Investing Amid Rising Inflation and Recession Fears

The US economy is facing concerns of slowing growth, price hikes due to tariffs, and rising inflation. To address these issues, we’ve conducted a scenario analysis for investment portfolios using historical data and market trends.

Inflation Expectations
US zero-coupon inflation rate and breakeven inflation rate have steadily risen over the past six months, indicating increasing expectations of higher prices. The Federal Reserve Bank of New York’s Center for Microeconomic Data and Survey of Consumer Expectations suggest that consumers remain concerned about rising household staples and tariffs.

GDP Growth Forecasts
The Federal Reserve Bank of Atlanta has revised its GDP growth forecast to a negative Q1 2025, sparking concerns of a US recession. While the official statistics do not yet show negative GDP growth, the unemployment rate is close to 4.1%, and economic activity has slowed from 3.1% in Q3 2024 to 2.5% in Q4 2024.

Scenario Analysis
We’ve defined three scenarios: inflation, recession, and stagflation. Inflation scenarios involve rising inflation rates of 0.5% or 1%. The recession scenario assumes a shallow or severe recession with varying impacts on equities and bonds. Stagflation scenarios combine rising inflation and recession environments.

Investment Strategies
We tested the impact of these scenarios on various standard investment strategies, including US Aggressive Growth, US Growth, US Moderate, US Balanced, US Conservative, US Income, US Core Bond, and more. Our analysis reveals that:

* Inflation scenarios favor equities with positive returns.
* Bonds are negatively impacted in recession scenarios.
* Strategies with more equity allocation perform better in inflation scenarios but worse in recession scenarios.

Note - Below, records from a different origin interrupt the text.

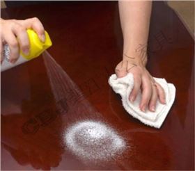 3、桌椅上有時會出現一圈圈的污漬,只要撒點鹽,再滴點沙拉油,便能刷除干凈。汽油或松節油也能去除,但為避免桌面脫漆,最好還是用鹽擦拭,真的無法清除時,再使用上述清潔劑。
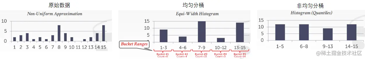通过分桶,原始凌乱的离散(连续)数据分成了相对均匀的统计信息。其中类似第三种等深直方图的方法现在也被大部分数据库采用
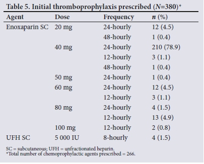 Our finding that enoxaparin 40 mg 24-hourly was prescribed in 89% of our sample was anticipated, as this is the standard thromboprophylaxis regimen in most public healthcare sector hospitals in the Western Cape[29,30] Dosing anomalies (doses >40 mg and frequencies differing from 24-hourly) were detected in 15% of patients who were prescribed thromboprophylaxis. Du Plessis et α1.[12]reported similar findings, with 17.5% of their sample noted to have received the incorrect dose of an LMWH. These findings may be indicative of a new trend in VTE prophylaxis prescribing, where rates of thromboprophylaxis prescribing in medical inpatients are increasing, but inappropriate dosing is increasing as a consequence. This trend may be further complicated by the inappropriate prescribing of chemoprophylaxis in patients with contraindications, as evidenced by the 4.5% of patients in our sample who received chemoprophylaxis throughout admission. Comparable findings were reported by Rocher et al.[2]who found that 5.6% of patients in their sample were prescribed some form of chemoprophylaxis despite clear contraindications.
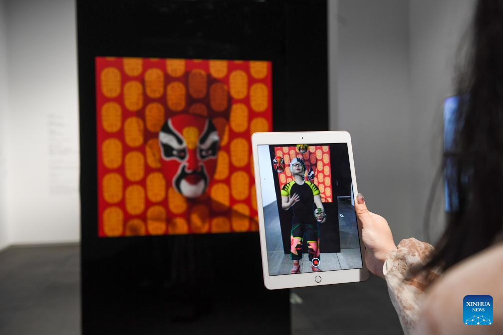 A visitor takes photos of an artistic work at a new venue of Shenzhen Art Museum in Shenzhen, south China's Guangdong Province, Nov. 6, 2023. The new venue of Shenzhen Art Museum opened on Monday with a series of exhibitions set to open to the public the next day. (Xinhua/Mao Siqian)
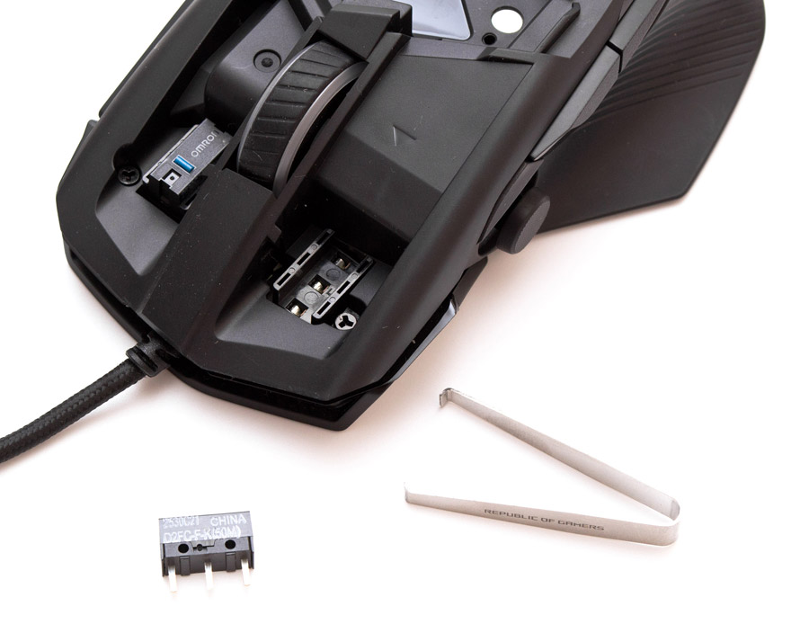 Для извлечения механизмов можно использовать комплектный брендированный пинцет. Как и ранее, здесь стоят переключатели Omron D2FC-F-K(50M) с ресурсом наработки на отказ в 50 млн. нажатий и синими ударниками. Их можно легко заменить совместимыми моделями переключателей в случае выхода из строя или если требуются другие тактильные ощущения от нажатий.
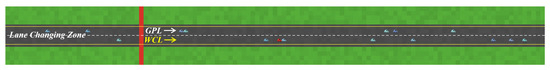 Figure 1. A schematic diagram of a two-lane road system. The red bar represents the boundary between the two-lane road system and the lane-changing zone. - Once an EV enters the GPL or WCL, lane changing behavior is restricted unless its SOC drops below the minimum or exceeds the maximum threshold. All EVs obey this rule, which is enforced by the advanced ITS.
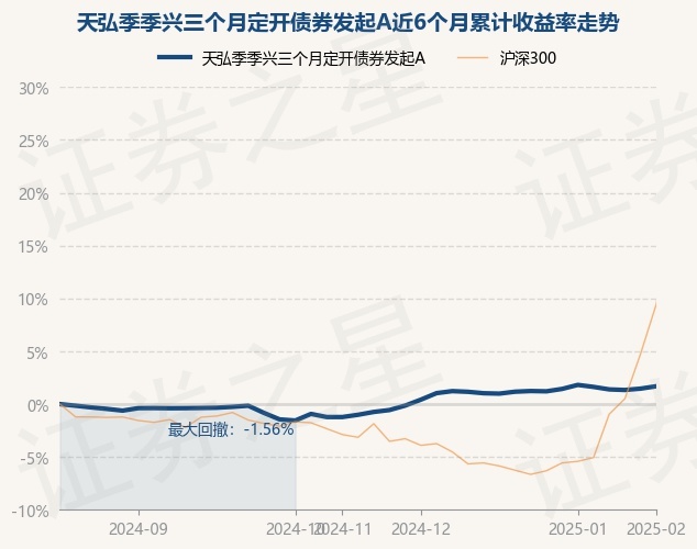 证券之星消息,2月7日,天弘季季兴三个月定开债券发起A最新单位净值为1.1206元,累计净值为1.2421元,较前一交易日上涨0.22%。历史数据显示该基金近1个月下跌0.12%,近3个月上涨2.93%,近6个月上涨1.67%,近1年上涨6.13%。该基金近6个月的累计收益率走势如下图:
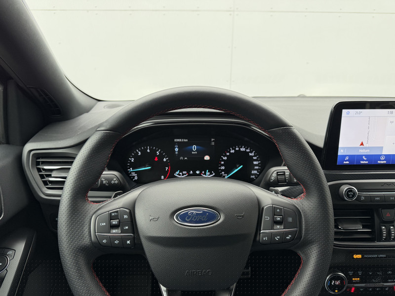 Zoals u mag verwachten van deze Ford Focus Wagon is hij uitgerust met een reeks aan actieve veiligheidssystemen. Dat de auto steeds meer taken van de bestuurder overneemt, merkt u bijvoorbeeld aan het systeem voor verkeersbord-detectie in deze Ford. Het Lane-keeping systeem garandeert dat u zich niet onverhoeds buiten de lijnen van de rijstrook begeeft. De forward collision warning geeft een botswaarschuwing als een aanrijding dreigt met een voorligger. U bent mede dankzij hill hold functie, brake assist en bandenspanningcontrolesysteem steeds veilig onderweg.
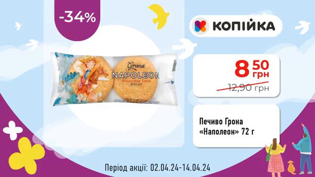 У "КОПІЙКА" ЗАРАЗ ДЕШЕВШЕ: Печиво Грона "Наполеон" 72 г (02.04.24 - 14.04.24)
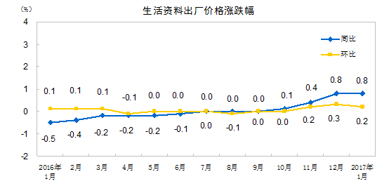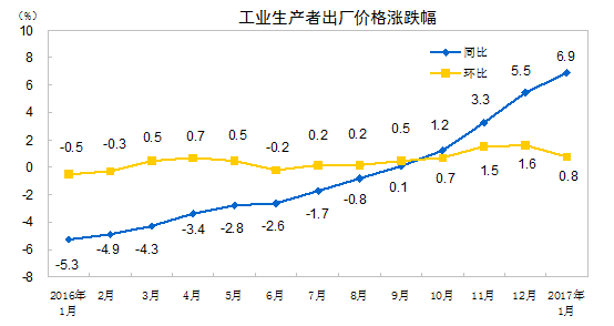 2017年1月份,全国工业生产者出厂价格同比上涨6.9%,环比上涨0.8%。工业生产者购进价格同比上涨8.4%,环比上涨1.2%。
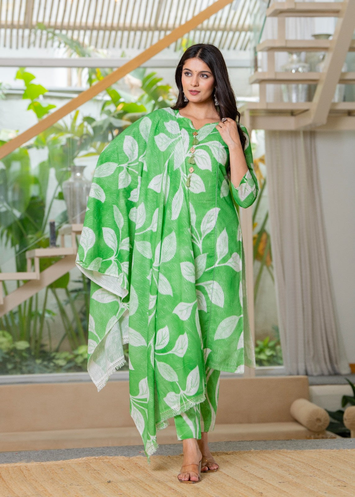 Bring a fresh and vibrant touch to your ethnic wardrobe with this Cotton Dobby Hand Printed Kurta Set in refreshing green. Crafted from soft cotton with lining, the set includes a straight kurta, matching pants, and dupatta, offering comfort with style. The V-neck features delicate handwork, while the hand-printed patterns add a unique artisanal charm, perfect for casual wear, festive occasions, or everyday ethnic styling.
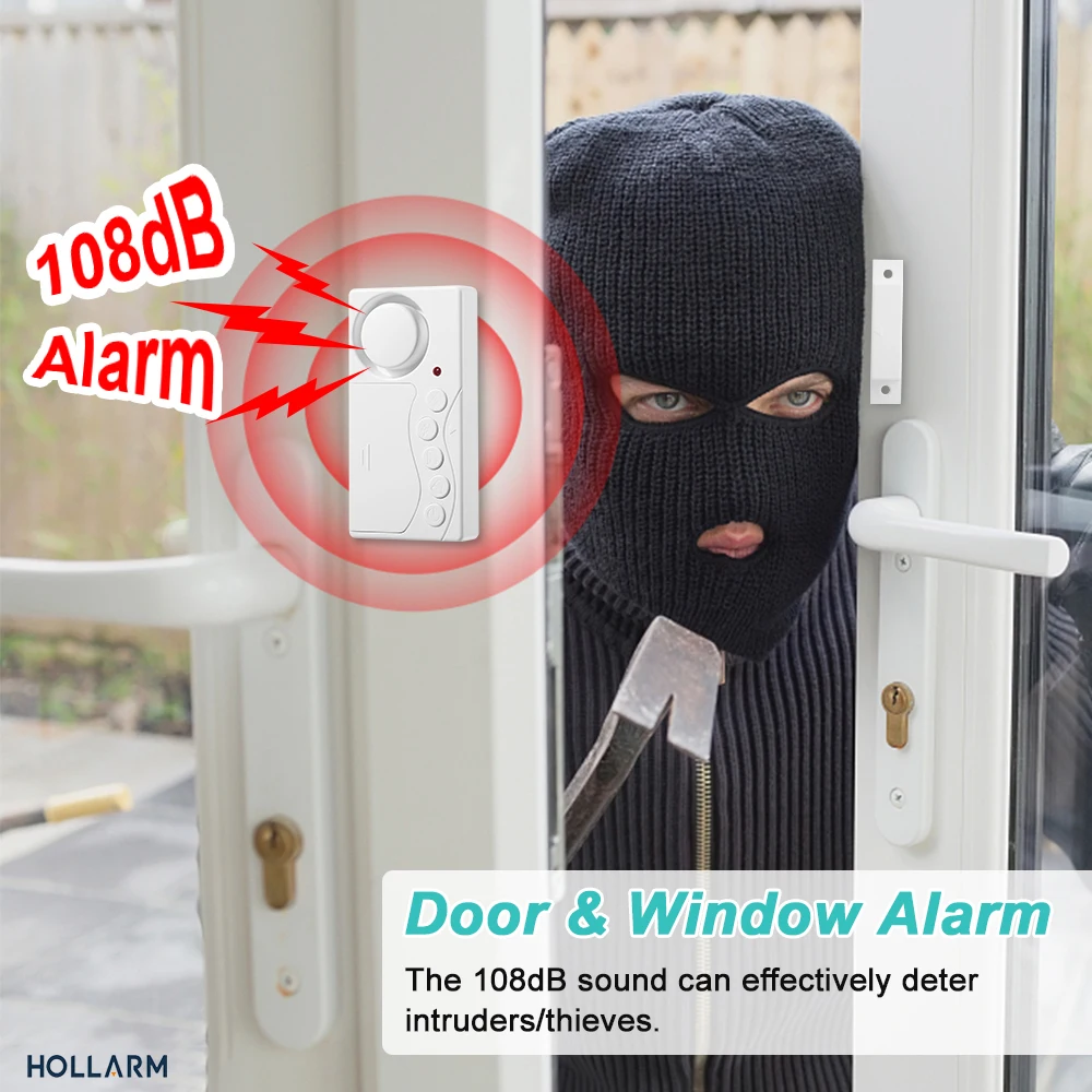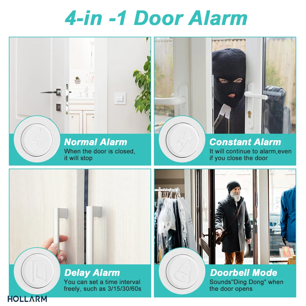 Hollarm مستشعر فتح الباب لاسلكي تأخير الوقت إنذار الباب مكافحة سرقة نافذة الباب إنذار أمان الثلاجة إنذار مستشعر الباب

The core bond strategy performs well during shallow recessions, reducing the negative impact from equities drops. However, severe recession scenarios and stagflation scenarios lead to significant losses across all strategies.

Conclusion
This scenario analysis highlights the importance of considering macro-economic environments when investing. FactSet’s stress testing tools enable users to test investment strategies with various assumptions and enhance their portfolio resilience. Please note that this blog post is for informational purposes only and does not provide legal, tax, or investment advice.